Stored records
Content starts

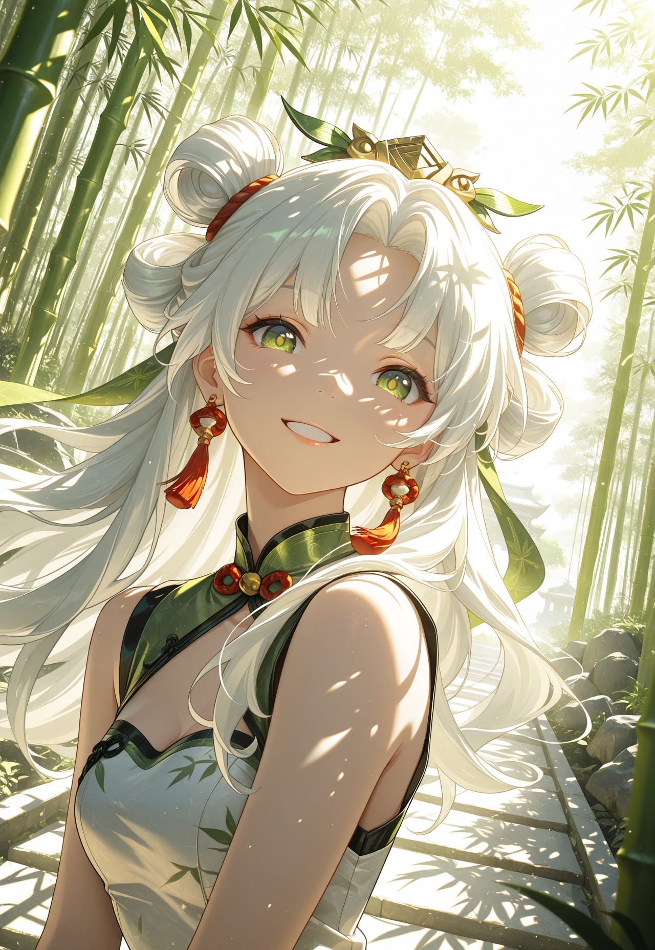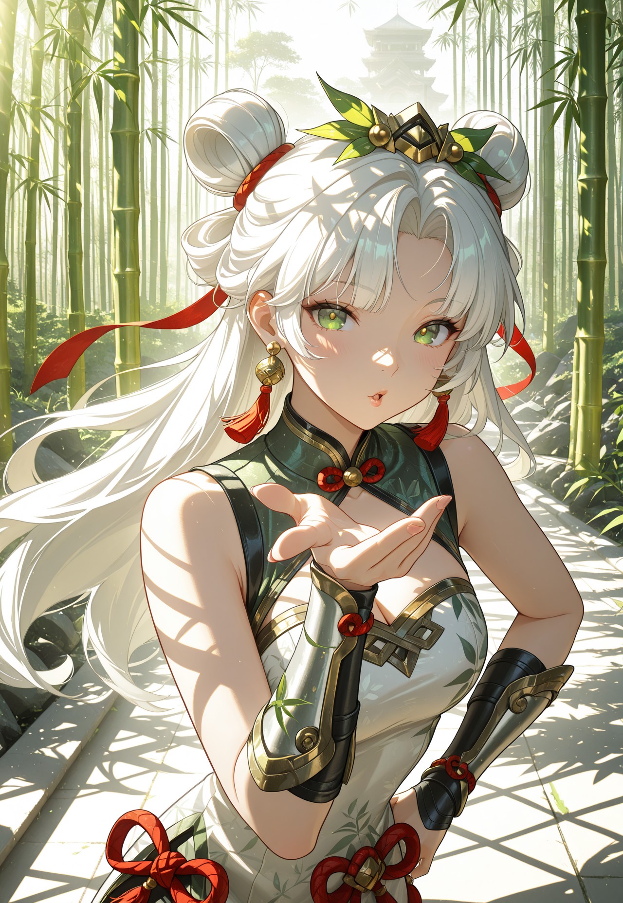 PPLux, long hair, white hair, hair buns, hair ornaments, green eyes, arm guards, bow, earrings, sleeveless dress, multicolored dress, chinese style short dress, red ribbon bow, thighhighs stockings, staff,
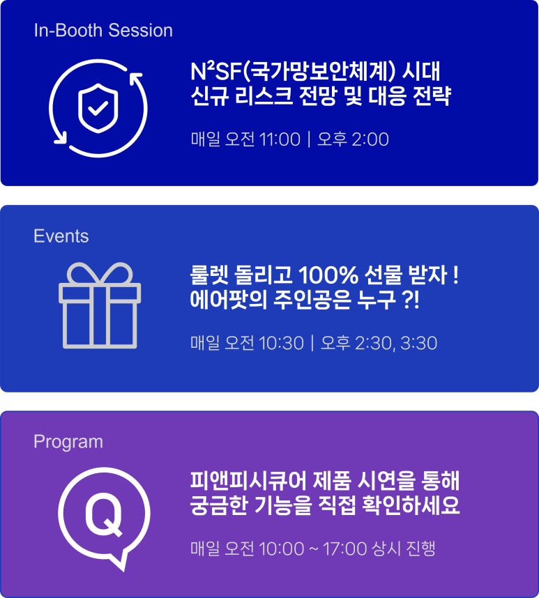 피앤피시큐어 부스 #S027에서 인부스 세션과 이벤트, 시연 등 다양한 프로그램을 운영합니다.
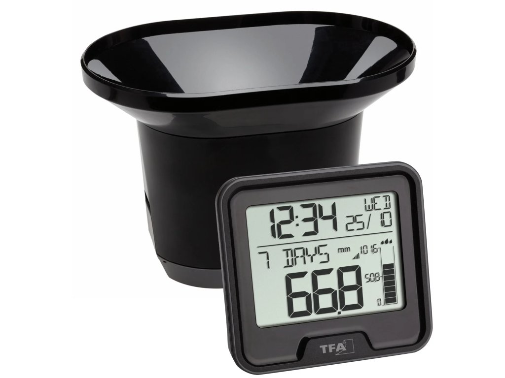 Nový zrážkomer TFA 47.3005.01 dokáže bezdrôtovo vysielať až do vzdialenosti 100 m. Ponúka aj grafické znázornenie množstva zrážok a zobrazenie za poslednú hodinu, 24 hodín, 7 dní, mesiac alebo rok a históriu zrážok za každý z posledných 12 mesiacov. Prístroj ponúka upozornenie pri prekročení nastaveného 24-hodinového limitu zrážok a zobrazuje aj vnútornú teplotu, aktuálny čas a dátum. Funkcie a vlastnosti Bezdrôtový prenos súčt zrážok (433 MHz), dosah do 100 m (voľná plocha) Indikácia a grafické zobrazenie zrážok za poslednú hodinu, 24 hodín, 7 dní, mesiac, rok a celkové zrážky Mesačná história zrážok pre každý mesiac za posledných 12 mesiacov Možnosť alarmu hodnoty zrážok upozorní na jeho prekročenie Vnútorná teplota Čas a dátum Ideálne pre záhradkárov a poľnohospodárov a všetkých, ktorí sa chcú dozvedieť viac o prírode Technické špecifikácie Základňa Rozsah merania - teplota 0 °C... +37 °C/+32 °F...+99 °F 30 (46) x 85 mm Hmotnosť 93 g (len prístroj) Snímač srážok Zhrnutie zrážok 0...9999 mm Rozlíšenie 0,1 mm Interval prenosu 45 sekund Rozsah max. 100 m (na otvorenom priestranstve) Prenosová frekvencia 433 MHz Maximálna rádiová 1,5 V (nie sú súčasťou dodávky) Rozmery 180 x 120 x 125 mm Hmotnosť 196 g (len prístroj)Dodatočné parametre
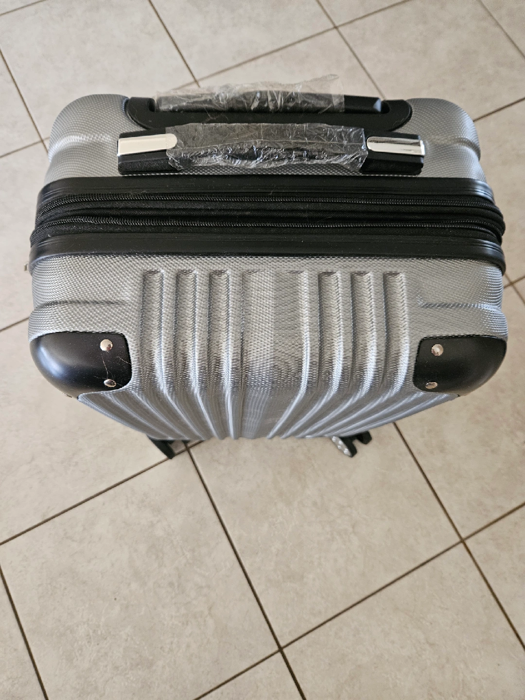 Selling a silver rolling suitcase. It's in great shape and ready for your next trip! The suitcase features a textured exterior and black accents. Perfect for carry-on or checked baggage. price is firm!
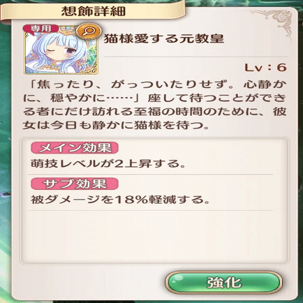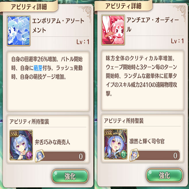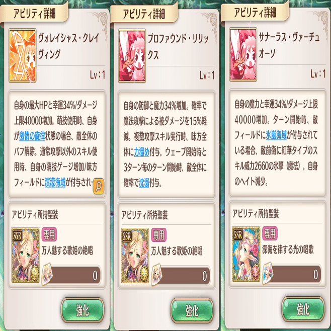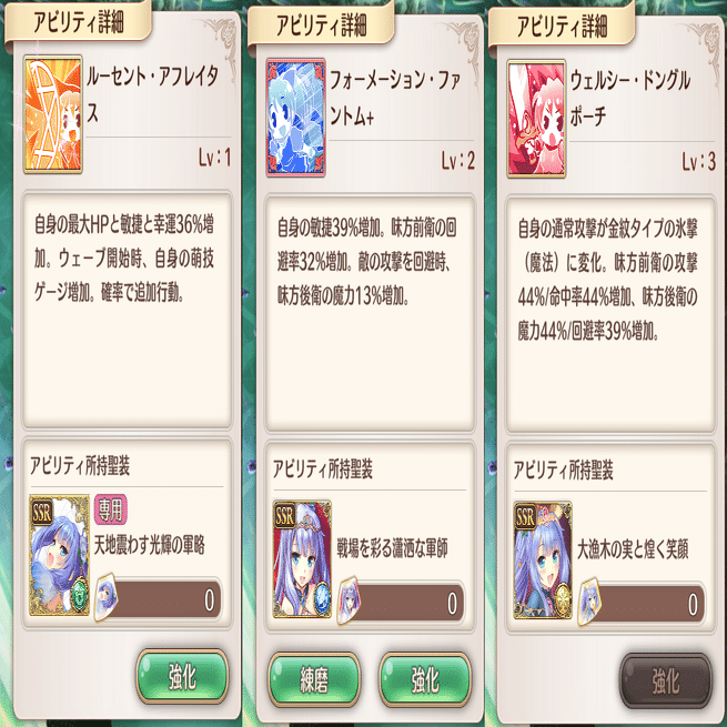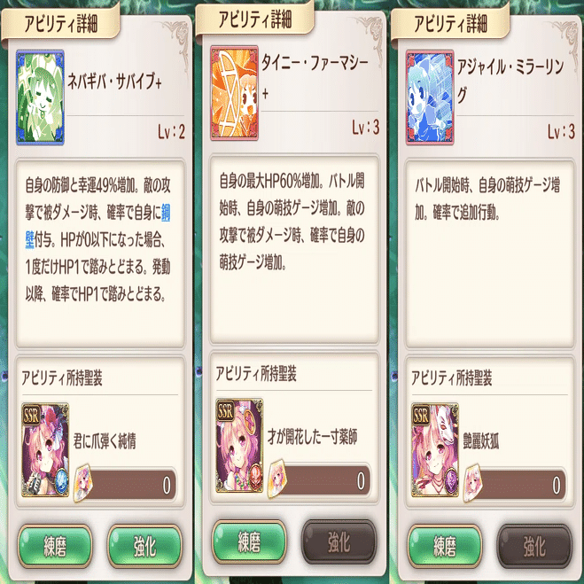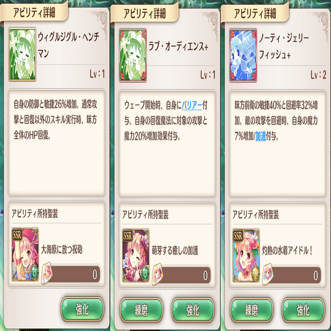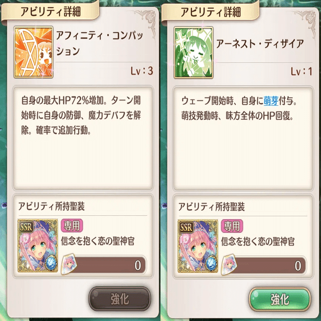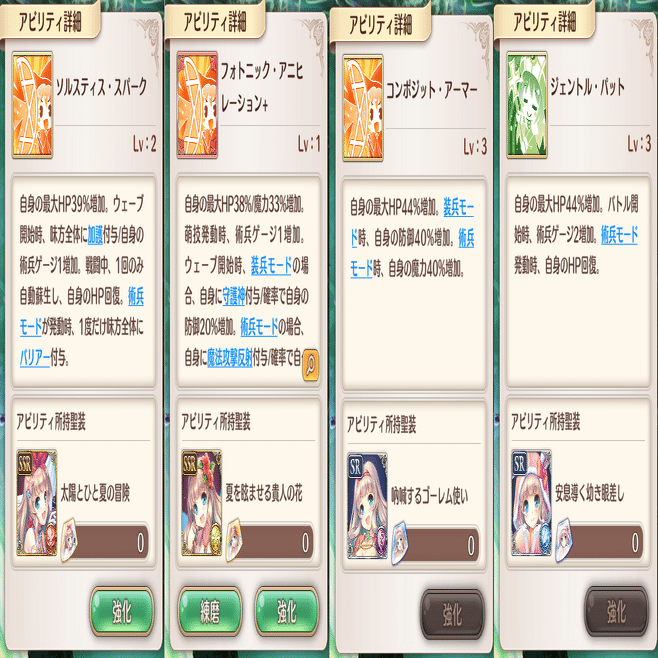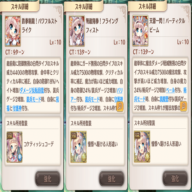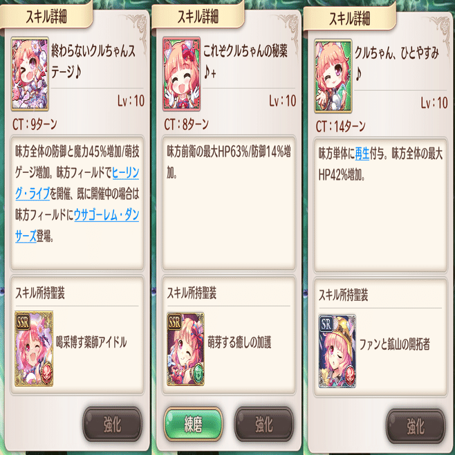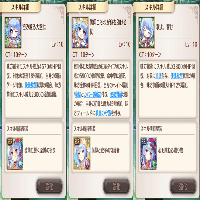 萌技は前衛回復と敵攻撃です。全体回復萌技はこのSR聖装しかありません。
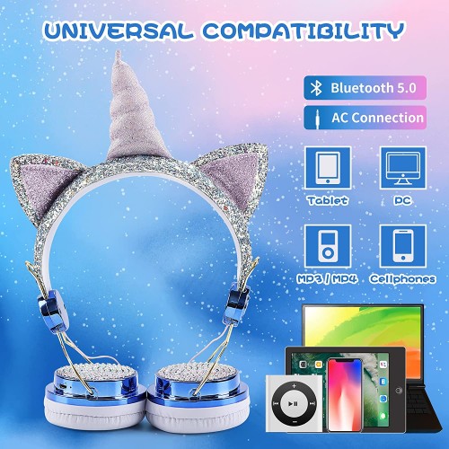 Kids Headphones, Unicorn Bluetooth/Wired Headphones with Microphone Adjustable Headband,85dB Volume Limited HD Sound Headphones for School, Birthday, Xmas, Unicorn Gift (Diamond Blue)

Content ends

* [DIRECTIONS FOR THIS TASK]:
Please write out every record above exactly, but leave the pictures out.

* [PROBLEM SOLUTION]:
 PPLux, long hair, white hair, hair buns, hair ornaments, green eyes, arm guards, bow, earrings, sleeveless dress, multicolored dress, chinese style short dress, red ribbon bow, thighhighs stockings, staff,
 피앤피시큐어 부스 #S027에서 인부스 세션과 이벤트, 시연 등 다양한 프로그램을 운영합니다.
 Nový zrážkomer TFA 47.3005.01 dokáže bezdrôtovo vysielať až do vzdialenosti 100 m. Ponúka aj grafické znázornenie množstva zrážok a zobrazenie za poslednú hodinu, 24 hodín, 7 dní, mesiac alebo rok a históriu zrážok za každý z posledných 12 mesiacov. Prístroj ponúka upozornenie pri prekročení nastaveného 24-hodinového limitu zrážok a zobrazuje aj vnútornú teplotu, aktuálny čas a dátum. Funkcie a vlastnosti Bezdrôtový prenos súčt zrážok (433 MHz), dosah do 100 m (voľná plocha) Indikácia a grafické zobrazenie zrážok za poslednú hodinu, 24 hodín, 7 dní, mesiac, rok a celkové zrážky Mesačná história zrážok pre každý mesiac za posledných 12 mesiacov Možnosť alarmu hodnoty zrážok upozorní na jeho prekročenie Vnútorná teplota Čas a dátum Ideálne pre záhradkárov a poľnohospodárov a všetkých, ktorí sa chcú dozvedieť viac o prírode Technické špecifikácie Základňa Rozsah merania - teplota 0 °C... +37 °C/+32 °F...+99 °F 30 (46) x 85 mm Hmotnosť 93 g (len prístroj) Snímač srážok Zhrnutie zrážok 0...9999 mm Rozlíšenie 0,1 mm Interval prenosu 45 sekund Rozsah max. 100 m (na otvorenom priestranstve) Prenosová frekvencia 433 MHz Maximálna rádiová 1,5 V (nie sú súčasťou dodávky) Rozmery 180 x 120 x 125 mm Hmotnosť 196 g (len prístroj)Dodatočné parametre
 Selling a silver rolling suitcase. It's in great shape and ready for your next trip! The suitcase features a textured exterior and black accents. Perfect for carry-on or checked baggage. price is firm!
 萌技は前衛回復と敵攻撃です。全体回復萌技はこのSR聖装しかありません。
 Kids Headphones, Unicorn Bluetooth/Wired Headphones with Microphone Adjustable Headband,85dB Volume Limited HD Sound Headphones for School, Birthday, Xmas, Unicorn Gift (Diamond Blue)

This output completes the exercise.